Our insects are in decline and under growing threat but comprehensive genetic sequencing and new farming regulations could mark a turning point.

08 May 2024

Fewer species, falling numbers of individuals, and a shrinking of their ecological ranges - the consensus among UK experts is that our insects are facing a perfect storm. 

The downward trend in insect numbers is showing across the board, including crucial pollinator species essential for helping farmers to meet the demands of our insatiable appetites.

The House of Commons Science, Innovation and Technology Committee recently published a report, Insect decline and UK food security, which the Earlham Institute contributed to through written evidence, jointly submitted with partners on the Norwich Research Park. The Government will respond soon to the policy recommendations made by the Committee.

The report investigates the value of insect diversity and the knowledge gaps we need to address, and explores some of the urgent and multifaceted approaches needed to safeguard their - and thereby our own - futures.

A more comprehensive study of invertebrate genetics - looking beyond pollinator species - could provide the kind of insight that, when paired with new agricultural reforms, could help reverse insect decline in the UK.

The green forester moth, Adscita statices

Green forester moth

Red Mason Bee

Red mason bee

The pollen beetle, Brassicogethes sp

Pollen beetle

Beyond bees

Dr Will Nash is a researcher in the Haerty Group at the Earlham Institute. He has devoted his career to understanding the relationships between pollinators and the environment. 

His work focuses on bees, including the generation of high quality reference genomes - like that of  the violet carpenter bee - and the study of ancient bee DNA taken from museum collections.

These genomic resources tell a story of pollinator evolution, adaptation to the impact of human activity, and the genetic health - or vulnerability - of the species. Studying insects present in the landscape today is vital to understanding current patterns and population trends.

From finding differences that define species to modelling fluctuations in the size of insect populations over tens of thousands of years, the insights gained from analysing invertebrate DNA are essential for informing contemporary conservation efforts.   

While there has been plenty of buzz about bees over the years, Will says genetic resources for other pollinators are urgently needed.

“Until recently, we’ve simply not had the genomic resources we need to meaningfully understand the genetic health of pollinator communities in the UK,” he explains.  

“If we want to understand the impact of human activity on the genetic diversity of our pollinators, we need reference genomes and large scale resequencing data so we can look across ecosystems and understand patterns of change over time.”

A lot of pollinators will only pay a visit to specific species of plants. With the ongoing decline in insect populations, these are niche relationships that other species won’t naturally enter into. 

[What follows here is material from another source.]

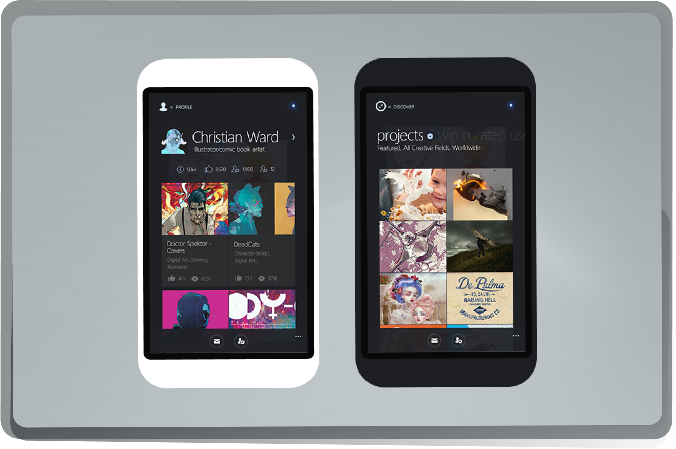 Redesign Project for the Windows phone version of Behance. Existing user flows were adapted to the Windows Phone navigation and UI patterns, which are all based on what the API could provide.

“This is not just about honey bees, or butterflies, or the classic species we think of,” explains Will. “It's about the biodiversity of our ecosystem - all the interrelated species. 

“Their interactions are critical to the overall health of these environments.”

We need to translate the huge progress represented by large genome sequencing initiatives into an applicable understanding of pollinator genetics and its interaction with the way we grow our food.

Small but mighty

There are more than 40,000 invertebrate species in the UK and all of them play different roles in our ecosystem. 

While pollinators are key to food production, there are many other ways in which insects and other invertebrates contribute. They eat crop pests, maintain soil health, and recycle waste into nutrients.

Despite their value, they are often understudied and overlooked. As a result, we have underestimated the fragility of these ecosystems and the consequences of human activity on them.

For example, when we use pesticides to target species we regard as pests, such as aphids, these can also affect other insects.

“The impact of pesticides and other chemicals on non-target insect species remains poorly understood,” Will says.

“It’s difficult to differentiate the impact of large, landscape-scale effects - whether that’s agricultural practice, wider human activity, or the influence of climate change - on our insect fauna.”

He believes there is a need for extensive data collection to study the status of key species, the sustainability of their populations, and to help predict their future dynamics.

Ladybird hero

Common ladybug

Close up marmalade hoverfly

Marmalade hoverfly

Hornet Robberfly

Hornet robberfly

The missing genomic resources and data gaps were highlighted in the House of Commons report and are an area where organisations like the Earlham Institute can make a major contribution.

The Institute’s multidisciplinary expertise in genetic resources and genomic analysis means techniques such as LITE pipelines are able to sequence entire genomes from minimal DNA samples.

“Often with insects you will have only a very small amount of DNA,” Will explains. 

The Earlham Institute’s mission includes sequencing genomes to understand organisms better, as well as using advanced technology to explore relationships between species. 

If we want to understand the impact of human activity on the genetic diversity of our pollinators, we need reference genomes and large scale resequencing data so we can look across ecosystems and understand patterns of change over time.

Agricultural transition

In the UK, 70 per cent of land is farmed, giving land managers a crucial role as custodians of these ecosystems and their insect biodiversity. 

New government policies are being introduced that will include measures to better integrate wild areas with land used for food production and other commercial uses. The changes are part of the Agricultural Transition, the biggest shakeup to agricultural policy in the UK for decades.

Environmental Land Management Schemes (ELMS) are intended to support farmers in delivering beneficial environmental outcomes alongside their food production. 

Farmers will be rewarded for adopting and maintaining sustainable farming practices to protect and enhance the natural environment. 

But it is vital to monitor and progress ELMS to make sure they have the most impact. Making them work will require robust data on ecosystem health.

“Sustainable land management is predicated on equipping farmers with the resources and technology to understand and care for their land effectively,” says Will. 

“We also need to translate the huge progress represented by large genome sequencing initiatives into an applicable understanding of pollinator genetics and its interaction with the way we grow our food.”

Dr Wilfried Haerty, Group Leader at the Earlham Institute, believes the technological advancements - including the speed, scale, and cost at which we can now sequence genomes, even with low input samples - put us in a position to make ELMS effective. 

“We’re in a very exciting time,” he says. “Because of molecular biology and sequencing technology developments, we can not only assess the genetic status of current pollinator populations across a landscape but we can now interrogate the incredible historical collections housed within our museums. 

“This allows us to reconstruct the genetic composition of past populations and - in association with historical records - reimagine their dynamics across major changes in land management and agricultural practices, whether that’s monocultures, intensification, or the introduction of pesticides.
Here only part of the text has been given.